Digitalization as a catalyst
“There’s a great deal of potential for the aviation industry,” says Maier about connected industry. The sector must remain competitive in the face of cost pressure, particularly in high-wage countries. Tom Enders, CEO of the Airbus Group, which has production locations in France and Germany, is calling for the industry “to make use of the opportunities of the digital revolution. That means ensuring that the design, development and manufacture of our products become significantly faster and more efficient as well.” The European aircraft manufacturer is working on a factory of the future, in which it tests new manufacturing techniques and integrates them step by step: virtual development worlds for new aircraft, advanced digital technologies for the shop floor, a new generation of robots that works alongside people on the assembly line as well as additive manufacturing. Airbus is picking up the tempo. In its factory of the future, the assembly line will see the greatest increase in automation, where smart robots execute strenuous or repetitive tasks. In 2015, Airbus delivered 635 aircraft a new record. The company’s order books are full to bursting and it is setting its sights on increasing its production rates still further—up to 60 aircraft a month for its bestseller, the A320neo.
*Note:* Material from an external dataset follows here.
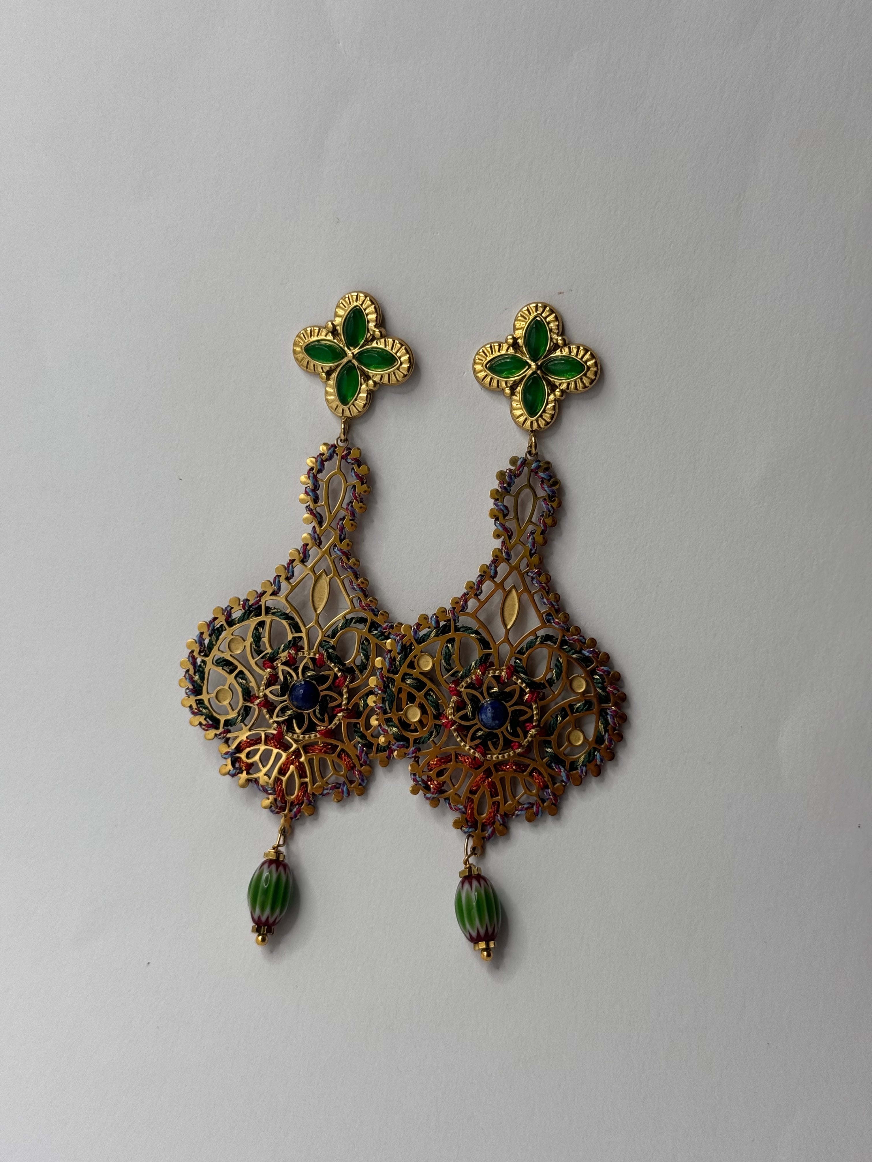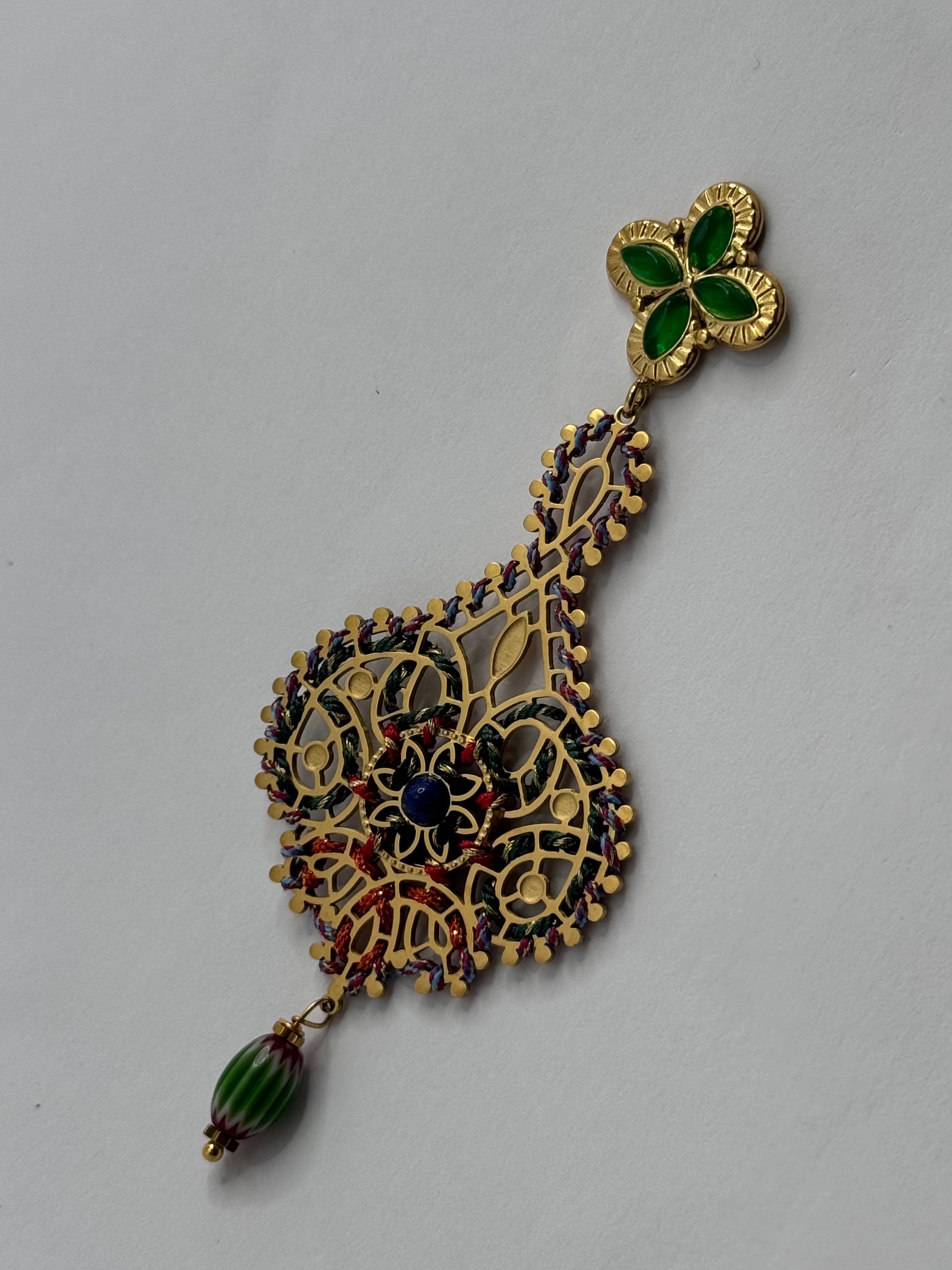 Brincos em aço inoxidável com pedras naturais e fio multicolor - verde, azul e bordeaux.

“Connected industry provides the foundation for a systematic learning process. It’s about learning from data and continuously optimizing processes. The internet of things will help us make complex processes more manageable—and that applies to the aviation industry as well,” says Dr.-Ing Christina Reuter from the Department of Production Engineering at RWTH Aachen University. According to the predictions of a Europe-wide study conducted on behalf of the Federation of German Industry, the digitalization of aerospace engineering will contribute ten billion euros a year of gross added value from 2025 onwards. It estimates that the industry will experience a digital revolution as part of a third wave—following the first waves in the automotive industry and logistics business.
Done, and on to the next one Finished components are automatically collected from the machine, which can then immediately start work on the next workpiece.
Interview with Tobias Strölin, Fraunhofer Institute
Mr. Strölin from the Fraunhofer Institute for Industrial Engineering IAO provides his opinion on the topic: Are tablets finding their way into manufacturing?
In the eyes of the experts, the hurdles for the aviation industry are more regulatory than they are technical. Increased connectivity means a higher risk of cyber attacks—something to which the aerospace industry, with its extremely stringent security regulations, is particularly sensitive. All the same, IT security is the big challenge for all connected industry applications. Cars that drive themselves have long been technologically feasible, but while they do reduce the risk of accident, they bring new risks with regard to data security. “We have to find a reliable way to protect data from unqualified or unauthorized access,” agrees Maier.
While there are still hurdles to be overcome, Strölin remains confident. “In ten years’ time, we won’t even be talking about it, as digitalization will be here.” We can expect the gain to be considerable: according to calculations by McKinsey, factories stand to benefit the most from smart connectivity in an internet of things—up to 3.7 billion dollars of added economic value worldwide in 2025.